Hier untersuchten die Tierärzte Nano zuerst gründlich und entschieden sich dann, ein Röntgenbild vom aufgeblähten Bauch zu machen. Röntgenaufnahme des Bauchraumes von Nano.

Das Bild war eindeutig: ein kreisrunder Fremdkörper lag in Nanos Magen und verstopfte den Abfluss in den Dünndarm, den sogenannten Pförtner oder Pylorus. Damit konnte das aufgenommene Futter und auch Wasser, das der Hund aufgrund der Stresssituation in großen Mengen getrunken hatte, nicht mehr weitertransportiert werden. Dies hatte dann zur Folge, dass der Magen immer größer und größer wurde und schließlich auch der Mageneingang soweit abgedrückt wurde, dass ein Erbrechen auch nicht mehr möglich war. Nano war ein dringender Notfall, denn der vergrößerte Magen drückte auf das Zwerchfell und beeinträchtigte auch die Atmung und die Herzleistung des Tieres. Zuerst wurde ein Venenkatheter gelegt, um den Patienten mit den notwendigsten Medikamenten und Tropf gegen einen möglichen Schockzustand zu versorgen. Dann wurde der Hund vorsichtig in Narkose gelegt und intubiert, damit die Versorgung mit Atemluft gewährleistet ist und kein Fremdmaterial in die Lungen eingeatmet werden kann. Im Hamburger Tierspital werden kritische Patienten routinemäßig an ein modernes Narkosegerät aus der Humanmedizin angeschlossen, bei dem EKG, Sauerstoffversorgung und Narkosetiefe exakt eingestellt werden können. Ein Anästhesist überwacht die Narkose. Dann wurde über die Speiseröhre vorsichtig ein Schlauch bis in den Magen vorgeschoben und dieser entleert und gespült, um den Druck auf die lebenswichtigen Organe zu verringern und ein Reißen der Magenwand zu verhindern.

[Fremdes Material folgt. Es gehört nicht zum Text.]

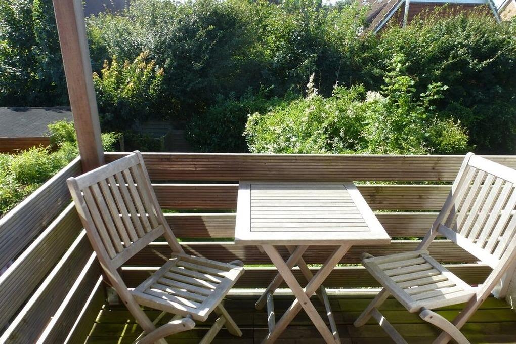 Der Außenbereich des Ferienhauses lädt zum Verweilen ein. Auf der Terrasse oder dem Balkon können Sie die Sonne genießen und im Garten entspannen. Ein Parkplatz steht ebenfalls zur Verfügung.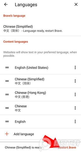 6、选择后,下方会弹出让你重启浏览器的通知,点击“Restrat Brave”即可,重新打开之后浏览器就是中文了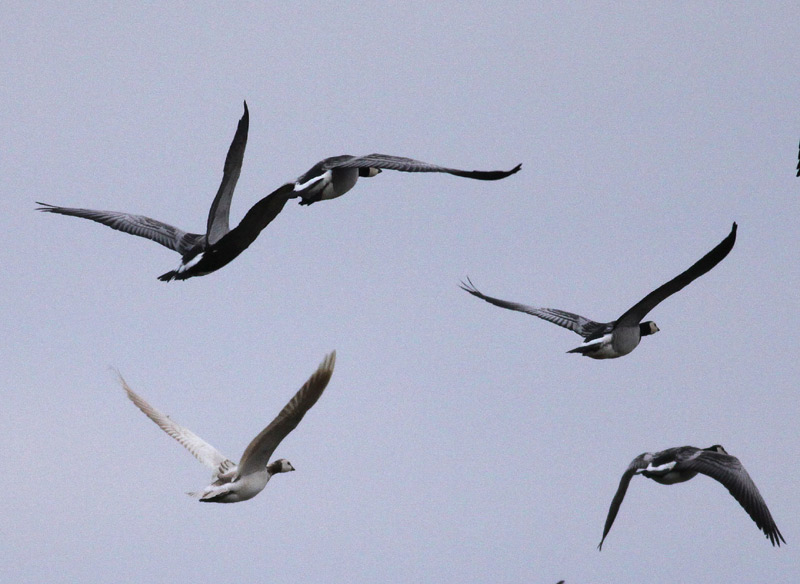 Beskrivelse: Leucistisk Bramgås, let bestemmelig på brune aftegninger af normalt sorte samt størrelse og jizz. Fuglen sås på Mandø ved 8-9 tiden 11.4 2010. Samme eftermiddag sås ved 15-tiden en identisk fugl i en flok ved Sneum Engsø. Eftersom leucistiske bramgæs ikke er specielt hyppige ligger det lige for at spekulere i, om der var tale om samme fugl. Kommentarer modtages gerne.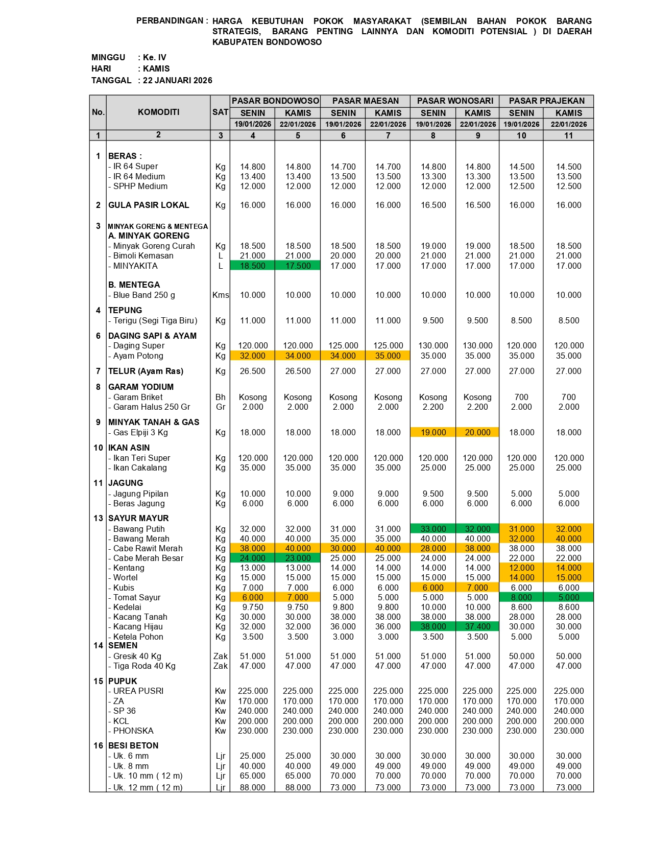 Bondowoso – Dinas Koperasi, Perindustrian dan Perdagangan Kabupaten Bondowoso kembali melaksanakan monitoring perkembangan harga sembilan bahan pokok kebutuhan masyarakat, barang strategis, dan barang penting lainnya pada Kamis, 22 Januari 2026. Hasil monitoring menunjukkan adanya pergerakan harga pada sejumlah komoditas di empat pasar utama Kabupaten Bondowoso, dibandingkan hasil pemantauan sebelumnya pada 19 Januari 2026.
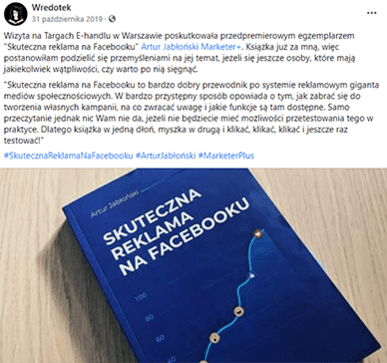 Pierwsze wydanie bestsellera „Skuteczna reklama na Facebooku” zostało w lipcu 2021 r. zaktualizowane (treści i ilustracje) oraz rozszerzone o nowe rozdziały na temat: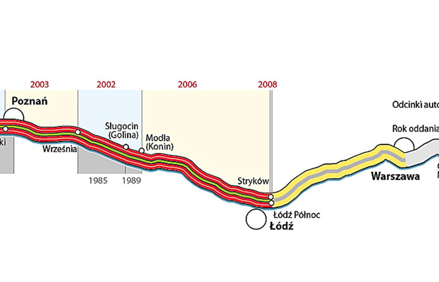 Zapał kolejnych rządów do budowy autostrad hamowała świadomość, że na budowie, którą one rozpoczną, wstęgę będą przecinali następcy. Premier Jarosław Kaczyński otwierany odcinek A2 z Konina do Łodzi, zbudowany przez rząd Marka Belki, przedstawiał jako sukces IV RP: można budować szybko autostrady? Można! Choć akurat jego rząd do budowania nie miał serca. A2 za kadencji PiS wydłużyła się o... półtora kilometra. Przybyło za to innych problemów. Zdecydowano bowiem, że dalsza część A2 z Łodzi do Warszawy będzie budowana w systemie koncesyjnym przez prywatną firmę.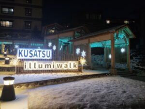 冬の冷たい夜の空気の中で、あたたかい温泉の湯気と光に包まれた草津の夜は、とても静かでロマンチックでした。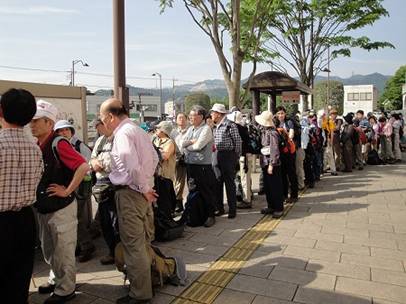 「都民の森」へ向かうバス停は長蛇の 列で、臨時便の増発となった。 幸いにも、川島さん、雄さん、熊本は 二台目の前列となり座れたが、他の 三名は一台目の後列で座れなかった ようだ。 8:22発の直通の急行バスに乗る。 |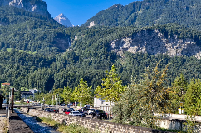 Der Espresso bei McDonalds war mit 3,30 CHF teurer als bei uns, aber immer noch günstiger als gestern Abend im Restaurant zu 4,50 CHF. Vom Busbahnhof in Interlaken West fuhr ich nach dem Essen zurück nach Wilderswil. Mein Zimmer unter dem Hoteldach hatte sich trotz Abschottung gegen die Sonne aufgeheizt, aber nach einer erfrischenden Dusche und dem Öffnen der Fenster ließ es sich gut aushalten.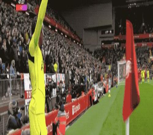 第18分鐘,利物浦獲得前場任意球,索博斯洛伊直接射門,皮球繞過人墻,維卡里奧雖然碰到皮球,怎奈力量太大,無法阻擋皮球入網(wǎng)。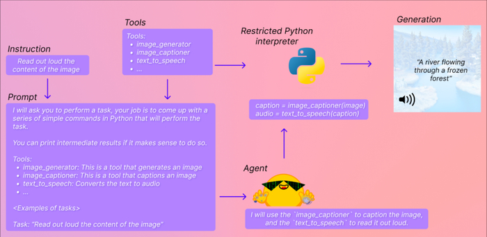简而言之,它在 transformers 之上提供了一个自然语言 API:首先定义一套策划的工具,并设计了一个智能体来解释自然语言和使用这些工具。

Röntgenaufnahme von Nanos Bauchraum nach der Entfernung der Flüssigkeit aus dem Magen.

Trotz mehrerer Versuche gelang es aber leider nicht, den Fremdkörper mit einer langen Zange zu greifen und herauszuziehen, und somit war eine OP unumgänglich. Nanos Bauch wurde rasiert und desinfiziert, der Chirurg eröffnete die Bauchhöhle und lagerte den Magen vor. Ein weiterer Schnitt und die Ursache des Übels war zu erkennen: die verhärteten Reste eines Balls kamen zum Vorschein, den der Hund vorher verschluckt hatte.


Bild aufgenommen während der Operation von Nano.Mall mit Zentimetermass, er mißt 4 cm im Durchmesser.


Der Magen wurde daraufhin wieder vernäht, die Bauchdecke geschlossen und das Tier aus der Narkose geweckt. Nano musste dann noch ein paar Tage im Hamburger Tierspital bleiben, da er die ersten Tage nach der OP nicht fressen durfte und über den Tropf versorgt wurde. Für ihn wohl das Schlimmste an der ganzen Sache, aber inzwischen ist Nano wieder entlassen und kann wieder ordentlich fressen – aber hoffentlich keine Bälle mehr.

Nano sitzt am Tropf und sieht recht hungrig aus.

 

Der Hund darf aufgrund der Wunde im Magen keine Nahrung zu sich nehmen und wird über die Vene durch einen Tropf ernährt. Nano sieht sehr hungrig aus und sehnt sich nach einem leckeren Stück Fleisch.